No entanto, a obra é considerada como livro de contos. Além dos
publicados no Jornal do Brasil, acrescentaram-se outros escritos em épocas
diversas da vida da autora. Neles há muito de autobiográfico: recordações da
infância ( a filha do livreiro de “Felicidade Clandestina” existiu; o professor de
“Desastres de Sofia” percebeu o tesouro da futura escritora...).
Os textos não diferem da orientação geral da ficção de Clarice Lispector.
Ela pratica a exacerbação do momento interior dos personagens, a ponto de a
própria subjetividade entrar em crise. O espírito deles viaja nas asas da memória e
da auto-análise. Não se trata, porém, de sondagens psicológicas sentimentais
egocêntricas. A inquietação íntima dos personagens se concentra na busca da
própria identificação num cotidiano monótono e vazio. As camadas mais profundas
da consciência humana são removidas pela autora em busca do significado da
existência. Há portanto o encontro da psicologia com a metafísica: conhecer-se
para ser.
Clarice Lispector emprega o processo narrativo do fluxo da consciência,
que é o rompimento dos limites de espaço e de tempo. O pensamento fica solto.
Pequenos fatos exteriores provocam uma longa viagem abstrata das idéias, sem
se basear numa estrutura seqüencial da narração.
Dentro da mesma orientação dos europeus Marcel Proust e James Joyce,
ela faz os personagens viverem o processo chamado de “epifania”, ou seja,
revelação. Em outras palavras, de repente, diante de ocorrências mínimas, o
personagem se descobre e vê revelada uma realidade mais profunda.

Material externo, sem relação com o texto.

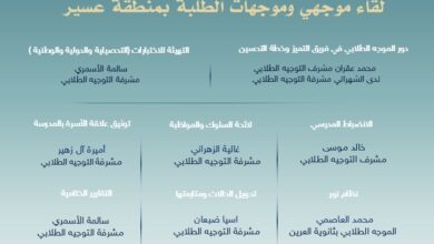 أحوال- عسير- معدي آل حيه : برعاية مدير عام التعليم بمنطقة عسير الأستاذ فهد بن صالح عقالا عقدت إدارة التوجيه الطلابي بالإدارة العامة للتعليم بمنطقة عسير اليوم الثلاثاء ٢٤ شوال…

Muitas
vezes, ele mesmo não consegue perceber com clareza que realidade é essa,
porém sua vida ou sua visão mudam.
Exemplos dessas situações epifânicas:
a menina que se torna “amante” do livro; os dois amigos que se separam
para avivarem a amizade sincera; o menino míope que descobre a paixão no
amor; a menina que se sente valorizada quando o folião lhe entorna confete na
cabeça; a mulher que percebe sua real situação pisando num rato morto; a
menina ruiva que sente o peso da solidão quando o cachorro se vai; a
contemplação de um ovo que faz a narrador refletir sobre o mistério profundo da
vida; a menina formal que se vê criança diante de um pintinho e reage matando-o;
a mulher que, olhando o dente quebrado, confirma a falta de sentido da vida; a
visão do inseto esperança que leva a mulher a se questionar sobre o nada; a
macaquinha que induz o filho a perceber seu amor pela mãe; a menina que faz o
professor sorrir e, assim, descobre sua falta de importância; a criada que é
oportunidade de a patroa entender um ser humano; os adolescentes que diante da
casa velha concluem não serem pessoas especiais; o menino que se descobre
homem ao “beijar” a estátua da mulher-chafariz...

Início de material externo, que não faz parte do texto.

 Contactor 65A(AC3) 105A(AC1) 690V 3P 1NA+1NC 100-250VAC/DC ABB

É de ressaltar ser Clarice uma mulher escritora. Seus vôos metafísicos
partem, geralmente, de cenas domésticas ou, na visão estereotipada masculina,
sem importância. Sua condição de mulher a faz muitosensível aos problemas das
pessoas carentes. A marca registrada de seus personagens é serem tipos sem
relevância aos olhos da sociedade (meninas, velhas, adolescentes...) mas ricos
em sua interioridade. Ainda integra a característica de mulher-autora a visão do
nascimento da mulher na menina. São numerosas as personagens-meninas que,
de uma forma ou de outra, se tornam adultas a partir de experiências
aparentemente corriqueiras. Toda essa exaustiva pequisa do interior do ser
humano – a subjetividade procurando se orientar envolvida pela objetividade –
pode passar despercebida ao leitor desatento. Isso porque os textos são muito
pobres de fatos, aliás, propositalmente pobres. Cenas comuns, desenhadas sem
rebuscamentos, mas com bastante precisão de detalhes, podem esconder a
profundidade do conteúdo analítico. As palavras não são raras, os aspectos
descritos e narrados parecem irrelevantes, a sintaxe não se complica. O campo da
linguagem fica livre para o leitor acompanhar os pensamentos que movem as
intenções dos personagens à procura de se ajustarem com eles mesmos.